Education in the United States is provided in public, private, and home schools.
State governments set overall educational standards, often mandate standardized tests for K–12 public school systems and supervise, usually through a board of regents, state colleges, and universities. The bulk of the $1.3 trillion in funding comes from state and local governments, with federal funding accounting for only about $200 billion. Private schools are generally free to determine their own curriculum and staffing policies, with voluntary accreditation available through independent regional accreditation authorities, although some state regulation can apply.
In 2013, about 87% of school-age children (those below higher education) attended state funded public schools, about 10% attended tuition- and foundation-funded private schools, and roughly 3% were home-schooled.
By state law, education is compulsory over an age range starting between five and eight and ending somewhere between ages sixteen and eighteen, depending on the state. This requirement can be satisfied in public schools, state-certified private schools, or an approved home school program. In most schools, compulsory education is divided into three levels: elementary school, middle or junior high school, and high school. Children are usually divided by age groups into grades, ranging from kindergarten (5–6-year olds) and first grade for the youngest children, up to twelfth grade (17–18 years old) as the final year of high school.
There are also a large number and wide variety of publicly and privately administered institutions of higher education throughout the country. Post-secondary education, divided into college, as the first tertiary degree, and graduate school, is described in a separate section below. Higher education includes elite private colleges like Harvard University, Stanford University, MIT, and Caltech, large state flagship universities, private liberal arts schools, historically-black colleges and universities, community colleges, and for-profit colleges like the University of Phoenix. College enrollment rates in the United States have increased over the long term. At the same time, student loan debt has also risen to $1.5 trillion. According to a report published by the U.S. News & World Report, of the top ten colleges and universities in the world, eight are American (the other two are Oxford and Cambridge, in the United Kingdom).
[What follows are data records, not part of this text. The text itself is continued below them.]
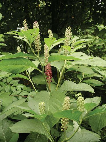 • Za otwartą bramką obrośniętą biało-zieloną trzmieliną, widać dorodne liście lepiężników.
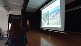 Στη συνέχεια η κ. Πετροπούλου μίλησε για την εμπειρία και έρευνά της στα ελληνόφωνα χωριά της Κάτω Ιταλίας,
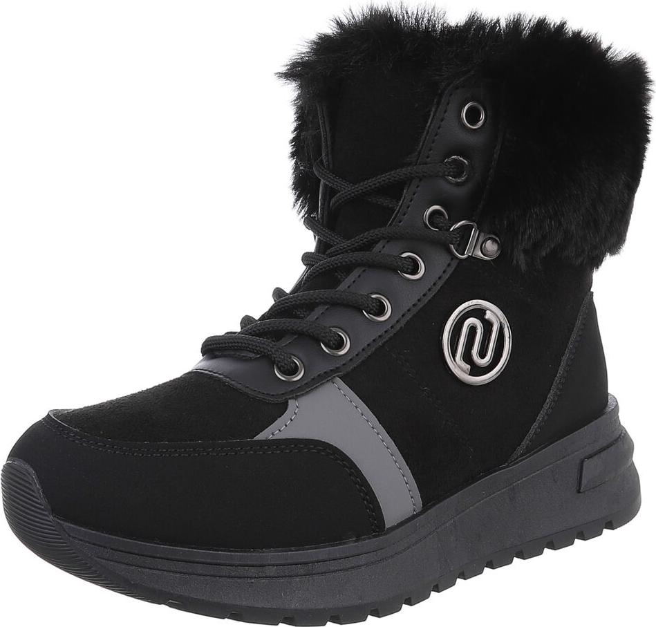 Ital-Design Damen Winterboots mit Futter und modischem Design Schnürstiefelette (90417774) Keilabsatz/Wedge Stiefeletten in Schwarz (schwarz)
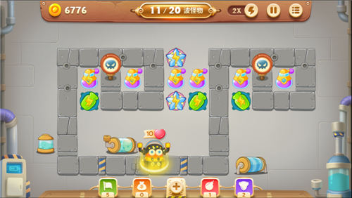 粉色的瓶身内存在的不是香气缭绕的香氛,而是毒气逼人的超级气体。萌新的萝卜丝们把毒气炮塔多安置在怪兽出口或者障碍物密集的地段。出门就被臭臭的毒气熏到,怪兽们一路上的霉运即将开始。虽然毒气炮塔只有毒气瓶一种,但实力十分酷炫。
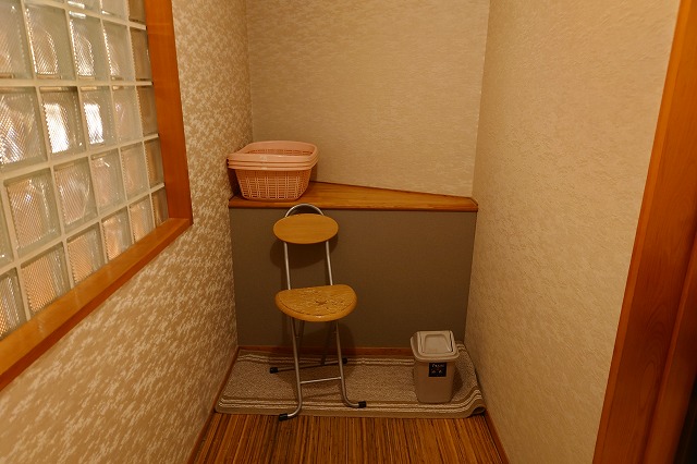 なお、ドライヤーは脱衣所に無いが、洗面台の方に備え付けてある。なんせ脱衣所には余分なスペースもコンセントも無いから。
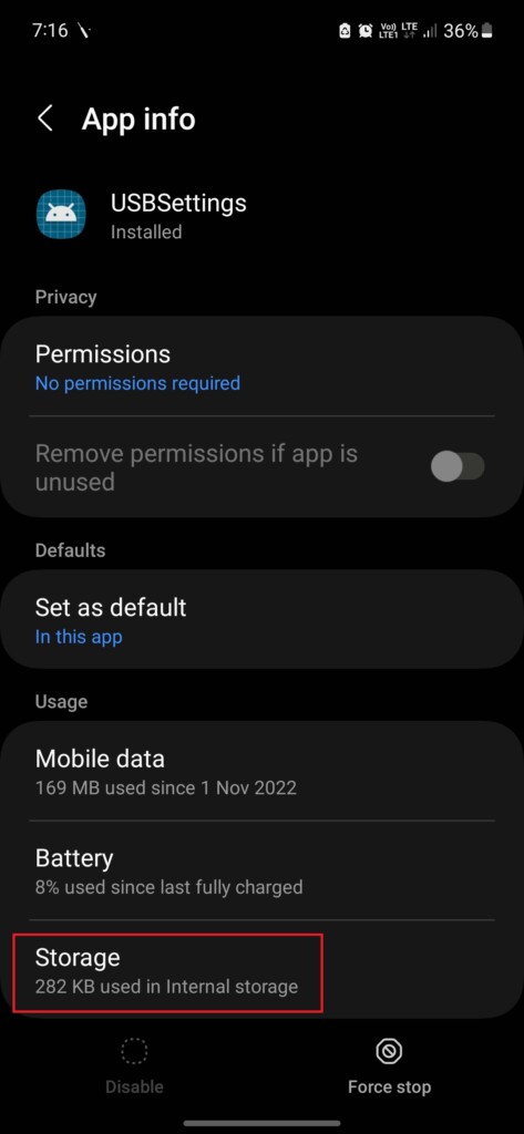 5.Scorri verso il basso e toccaImpostazioni USB.
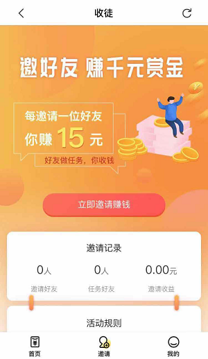4、 收徒赚钱,通过邀请收徒你还可以获得最高10元奖励。

The United States spends more per student on education than any other country. In 2014, the Pearson/Economist Intelligence Unit rated US education as 14th best in the world. The Programme for International Student Assessment coordinated by the OECD currently ranks the overall knowledge and skills of American 15-year-olds as 31st in the world in reading literacy, mathematics, and science with the average American student scoring 487.7, compared with the OECD average of 493. In 2014, the country spent 6.2 percent of its GDP on all levels of education – 1.0 percentage points above the OECD average of 5.2 percent. In 2017, 46.4 percent of Americans aged 25 to 64 attained some form of post-secondary education. 48 percent of Americans aged 25 to 34 attained some form of tertiary education, about 4 percent above the OECD average of 44 percent. 35 percent of Americans aged 25 and over have achieved a bachelor's degree or higher. The United States ranks 3rd from the bottom among OECD nations in terms of its poverty gap, and 4th from the bottom in terms of poverty rate. Jonathan Kozol has described these inequalities in K–12 education in Savage Inequalities and The Shame of a Nation: The Restoration of Apartheid Schooling in America.